La abundancia de alternativas en todos los órdenes de la vida y la necesidad de escoger entre ellas se ha convertido en una constante en nuestra sociedad. En 1941, el filósofo Erich Fromm escribió un libro titulado El miedo a la libertad, en el que exponía que en una democracia moderna la gente se siente acosada, no por la falta de opciones, sino por el exceso abrumador de estas. Desde la nimia elección de un modelo de teléfono móvil hasta el más trascendental diseño de la política energética para un país, nuestras vidas están salpicadas de miles de decisiones diarias, tanto en la faceta personal como colectiva. ¿Cómo tomamos las decisiones? ¿Hasta qué punto somos racionales en nuestras elecciones y optamos por la opción más conveniente? La ciencia comienza a cuestionarse los procesos que hay detrás de la ponderación de alternativas y la decantación por una de ellas.

El paradigma clásico

Este cuestionamiento ataca la concepción clásica del proceso de toma de decisiones, construida sobre una teoría racional del comportamiento de los individuos y las organizaciones. «La toma de decisiones es una parte central de la ideología occidental moderna. Está vinculada a los conceptos clave de la era de la razón, como la voluntad humana y el control del hombre sobre su destino, e impregnada de contenido simbólico», comenta James March, de la Universidad de Stanford, en su libro A primer on decision making: how decisions happen.

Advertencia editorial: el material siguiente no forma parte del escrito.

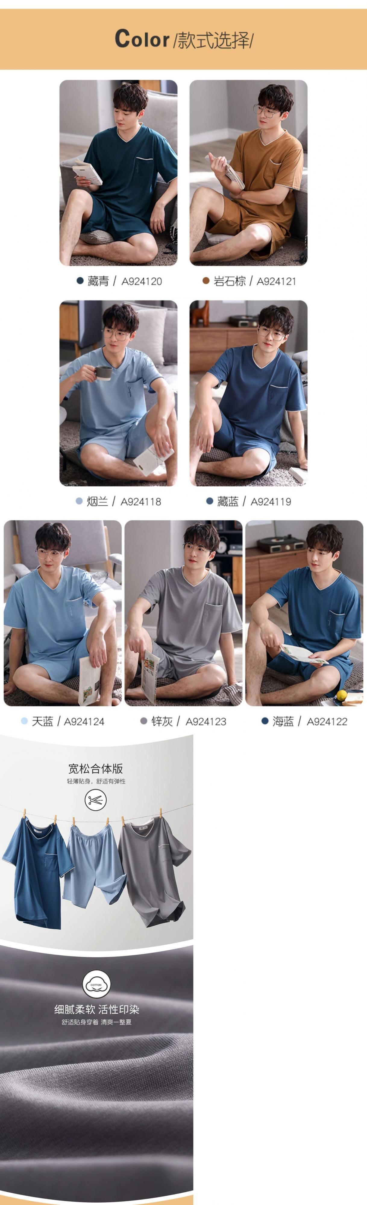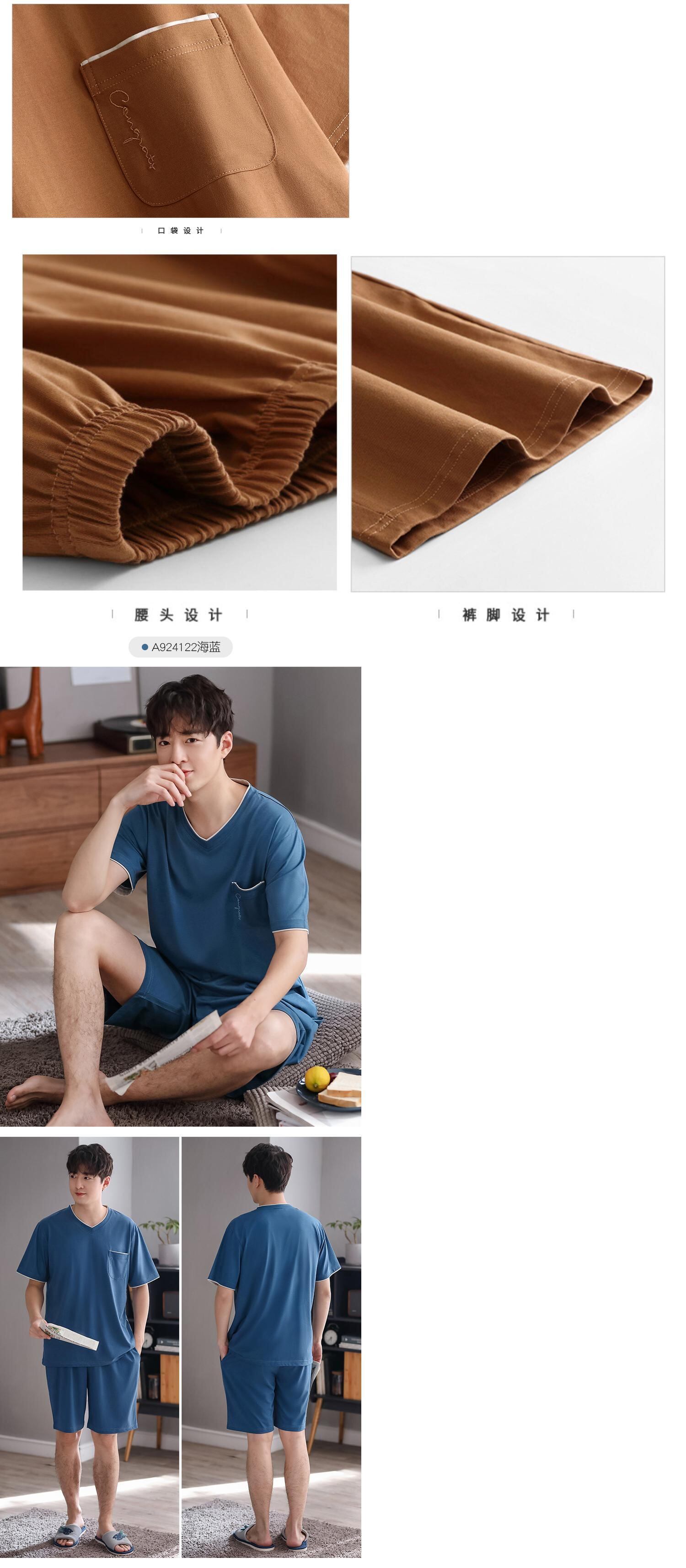 【ライクラコットン】2021年新作パジャマメンズサマーコットン半袖ショーツホームサービスメンズサマーシン jial18122854817
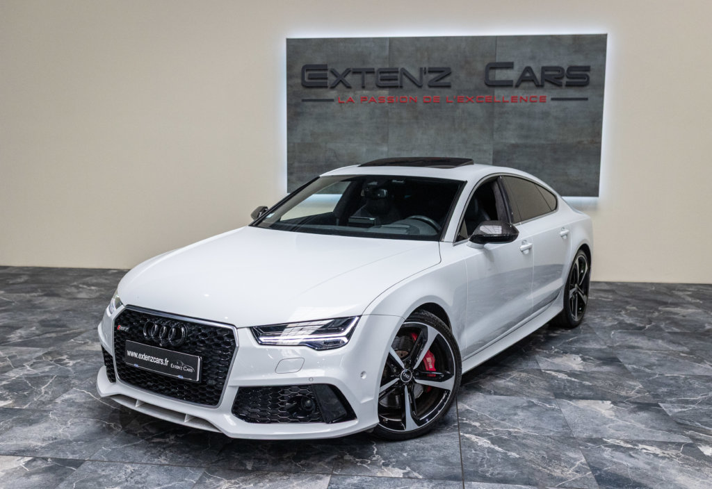 EXTEN’Z CARS vous présente une élégante Audi RS7 Sportback 4.0 V8 TFSI Quattro 560 CV (47cv), mise en circulation le 27/09/2015, habillée d’un somptueux Blanc Glacier Nacrée. Une voiture qui séduit par son style unique, mélange parfait entre le luxe d’une grande berline et le caractère affirmé d’une sportive. Sa silhouette Sportback lui donne une présence raffinée et dynamique, aussi belle à regarder qu’agréable à conduire. À l’intérieur, on retrouve tout le savoir-faire Audi, finitions haut de gamme, matériaux de qualité, sièges sport confortables et maintien impeccable, une ambiance où chaque détail respire le sérieux et l’élégance. Polyvalente, elle sait offrir un confort de tous les jours comme des moments de conduite passionnants dès qu’on libère le V8.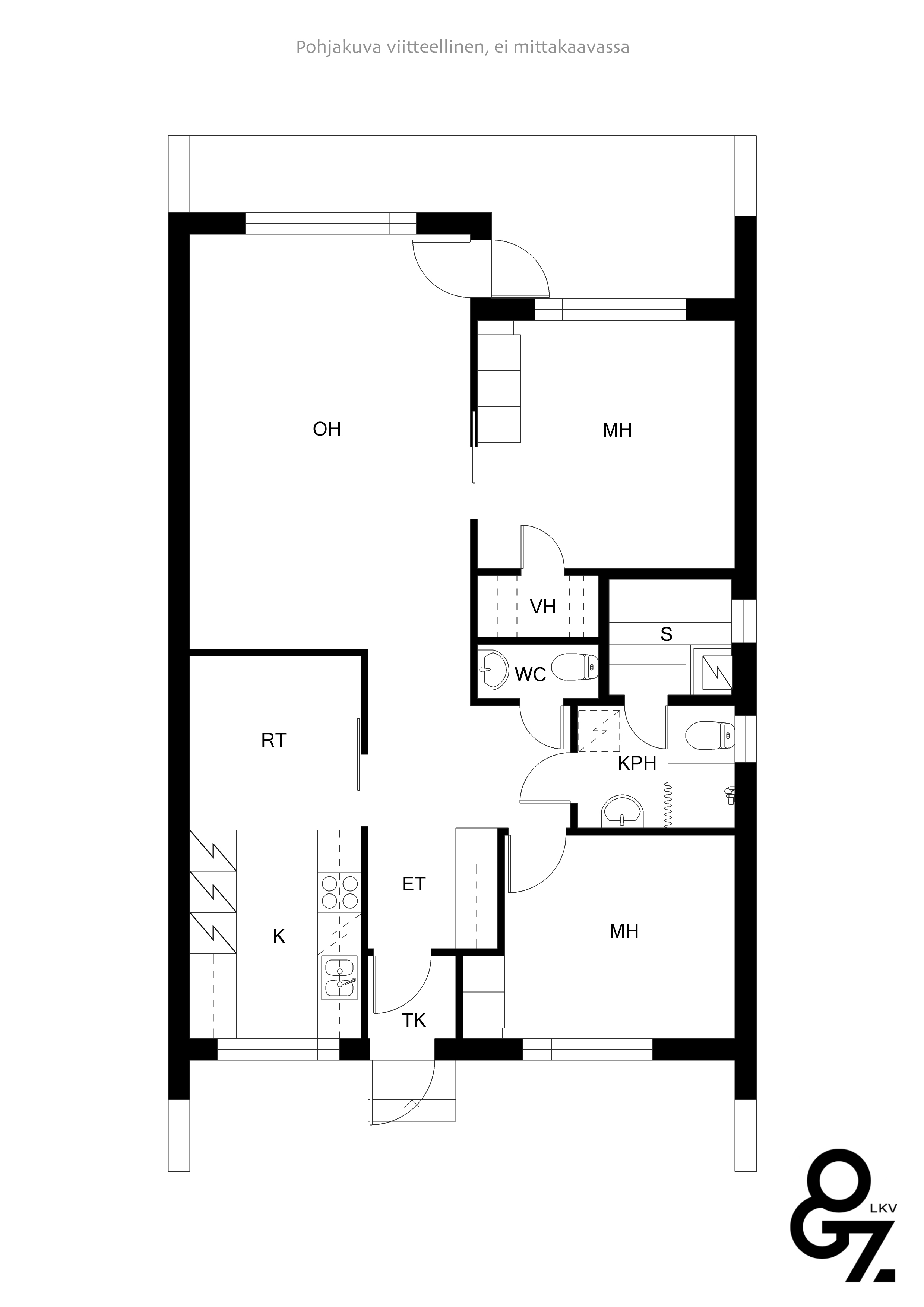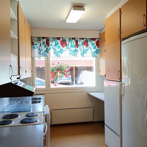 Kaksi huonetta + olohuone + keittiö + 2 wc + pesutilat + sauna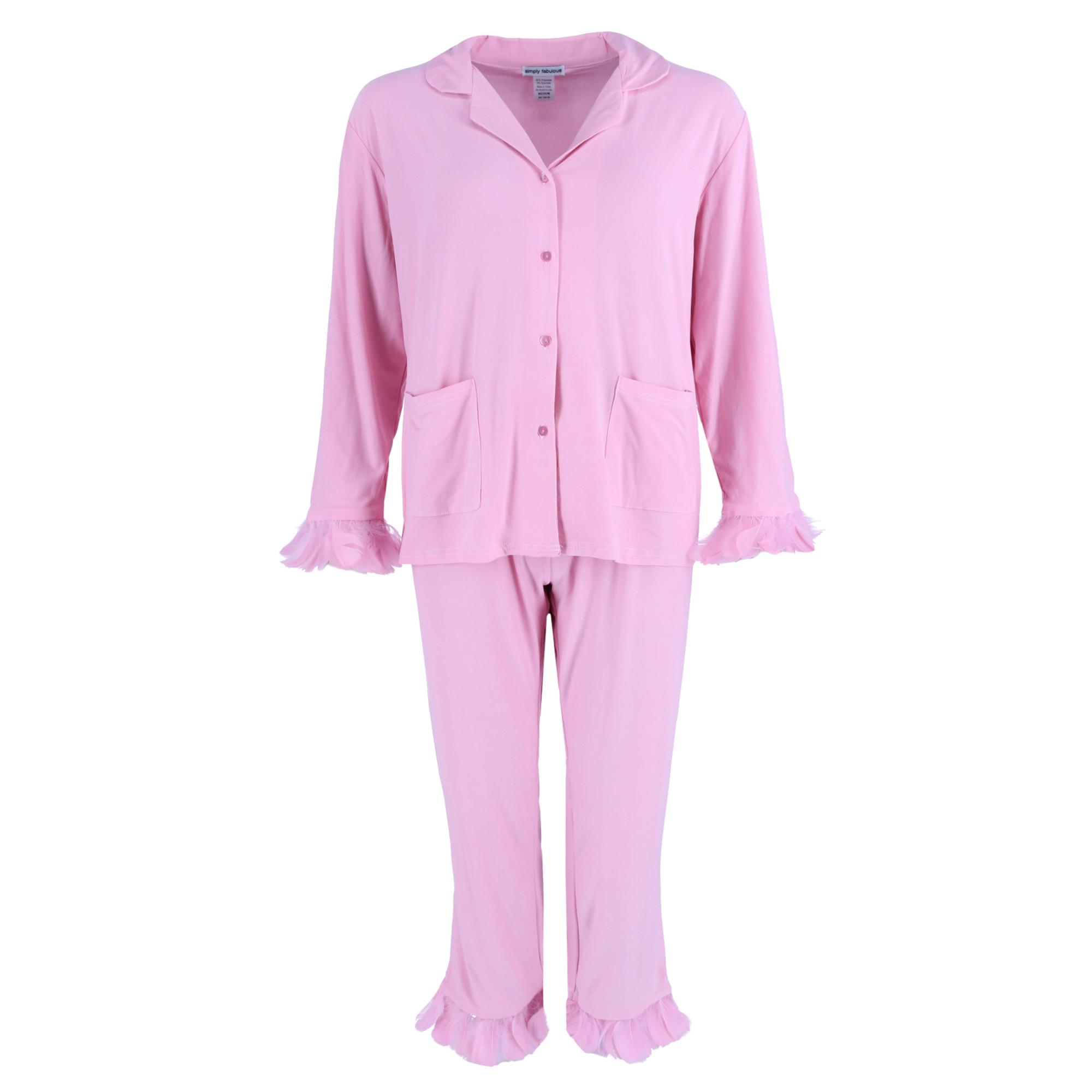 This pajama set is adorable with its light pink feminine color and the fun feather detailing. It is a classic collared button-down pajama top with long sleeves and two front pockets. The pants are open bottom with an elastic waistband and decorative bow. The fabric is very soft and comfortable and lightweight. This would be a great gift. Available in plus sizes Super soft and stretchy fabric for comfort. Feather detail at cuffs of sleeves and pants. Collared button-down long sleeve with open bottom pants. Light pink color is very feminine. Two front pockets on the sleep shirt.

Esta confianza, casi ontológica, en la razón es la que ha hecho posible que durante décadas economistas y psicólogos apoyen sus estudios sobre el proceso de toma decisiones en una concepción esquemática y lineal del comportamiento humano. El proceso arranca con la identificación de una serie de alternativas de acción posibles ante un problema. A continuación, se valoran las expectativas de resultados derivados de la adopción de cada una de las alternativas y se escoge aquella que maximice el rendimiento.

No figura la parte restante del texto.